For his return to an Italian-based story after a 30-year absence - and for his first feature in nearly a decade - Bernardo Bertolucci decided to shut himself up in a dingy basement. There's undoubtedly a deliberate irony as much as a practical limitation involved in the choice, since health issues have confined Mr. Bertolucci to a wheelchair. But, as is usual in the director's later, visually breathtaking but overly formalist work, Me and You is a sensual yet hollow exercise in filmmaking that is pretty unconvincing as a narrative work, using recognisable elements of provocative titillation as mere decoys, false leads that end up having little to no relevance to the end result. It also works as a sort of minimalist, more austere take on his previous film, The Dreamers. 

     Whereas that film, based on Gilbert Adair's novel, seemed to be an old man's nostalgic trip to the "golden days" of 1960s cultural guerilla, Me and You, from a novel by Niccolò Ammaniti, sees Mr. Bertolucci reconfigure that film's central concept of siblings finding their way around the world.

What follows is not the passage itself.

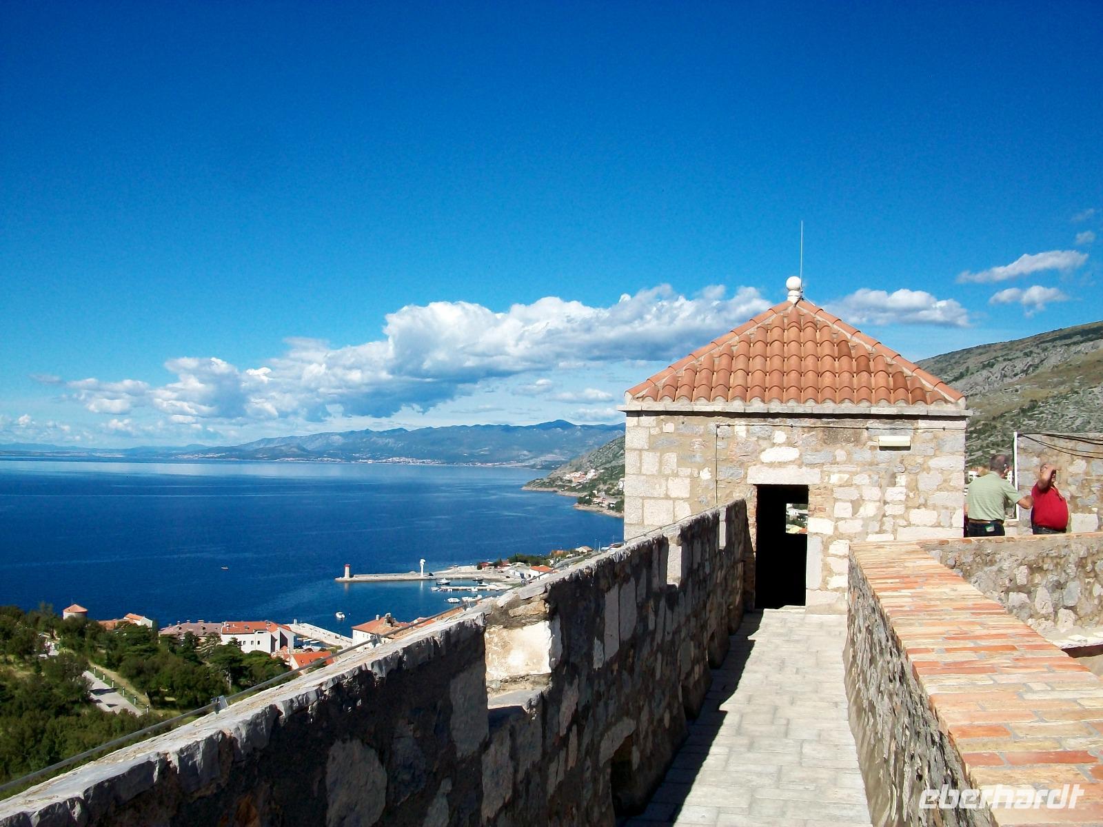 Besonders eindrucksvoll ist der Blick vom Dach der Festung, hier können wir den Blick weit schweifen lassen über die unendliche Wasserfläche der Adria und den Ort Senj der zu unseren Füßen liegt.

In The Dreamers, Eva Green and Louis Garrel played a dilettante, inseparable sister and brother intoxicated by the sexual and cultural freedoms brought on by the events of May 1968. They are here redrawn as conflicting, estranged half-siblings whose unexpected re-connection may put their ways to right. The first problem is that Lorenzo (Jacopo Olmo Antinori) and Olivia (Tea Falco) are brought together by a MacGuffin that is never properly explained: Lorenzo's ingenious plan to pretend to go on a class skiing trip while in fact holing up in his apartment building's basement storage area, borne of his unwillingness to reengage with the world after an unexplained incident seemingly heightened his anti-social tendencies and required psychiatric help.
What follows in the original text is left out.